Is this coming up this weekend? Anyone know anymore details about it?


----------



## skiff man99 (Oct 4, 2007)

yes 19th 20th and 21st. $250 entry fee


----------



## Caddy Yakker (May 21, 2011)

Small boat only and I'm pretty sure only 29' and under unless it has outboards, pays out thru 5th place, $250 entry fee


----------



## Wharf Rat (Sep 27, 2007)

Biggest fish, aggregate, or ??? I don't understand why it's like pulling teeth to find out information about tournaments around here sometimes....no wonder why the turnout is always so low.

Who runs this tournament?


----------



## Chris Phillips (Oct 1, 2007)

Terese Overlade 
(850) 554-7888

She is the tournament director.


----------



## JoeZ (Sep 30, 2007)

Google is an incredible invention

http://www.cobiamadness.com/ai1ec_e...all-boat-cobia-phobia-tournament?instance_id=


----------



## Wharf Rat (Sep 27, 2007)

JoeZ said:


> Google is an incredible invention
> 
> http://www.cobiamadness.com/ai1ec_e...all-boat-cobia-phobia-tournament?instance_id=


Thanks for the link smart ass.


----------



## JoeZ (Sep 30, 2007)

Wharf Rat said:


> Thanks for the link smart ass.


I'm here for ya, buddy!!

Y'all fishing it?


----------



## Wharf Rat (Sep 27, 2007)

JoeZ said:


> I'm here for ya, buddy!!
> 
> Y'all fishing it?


Don't know yet, I always seem to donate to someone else's winnings whenever I enter a tournament.


----------



## JoeZ (Sep 30, 2007)

Wharf Rat said:


> Don't know yet, I always seem to donate to someone else's winnings whenever I enter a tournament.
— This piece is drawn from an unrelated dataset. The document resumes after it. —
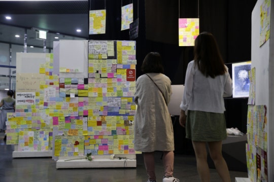 서울 지하철 강남역 10번 출구에 있던 ‘강남역 여성 살인 사건’ 피해자 추모 공간이 서울 중구 태평로 서울시청 시민청으로 옮겨진 뒤, 24일 이곳을 찾은 시민들이 추모의 글이 담긴 포스트잇을 둘러보고 있다. 김명진 기자 littleprince@hani.co.kr

My tournament earnings vs expenditures definitely run in the negative. It's still fun though.


----------



## Tide In Knots (Oct 3, 2007)

Fun huh?


----------



## JoeZ (Sep 30, 2007)

Tide In Knots said:


> Fun huh?



I hate you. Almost as much as I hate cobia fishing right now.


----------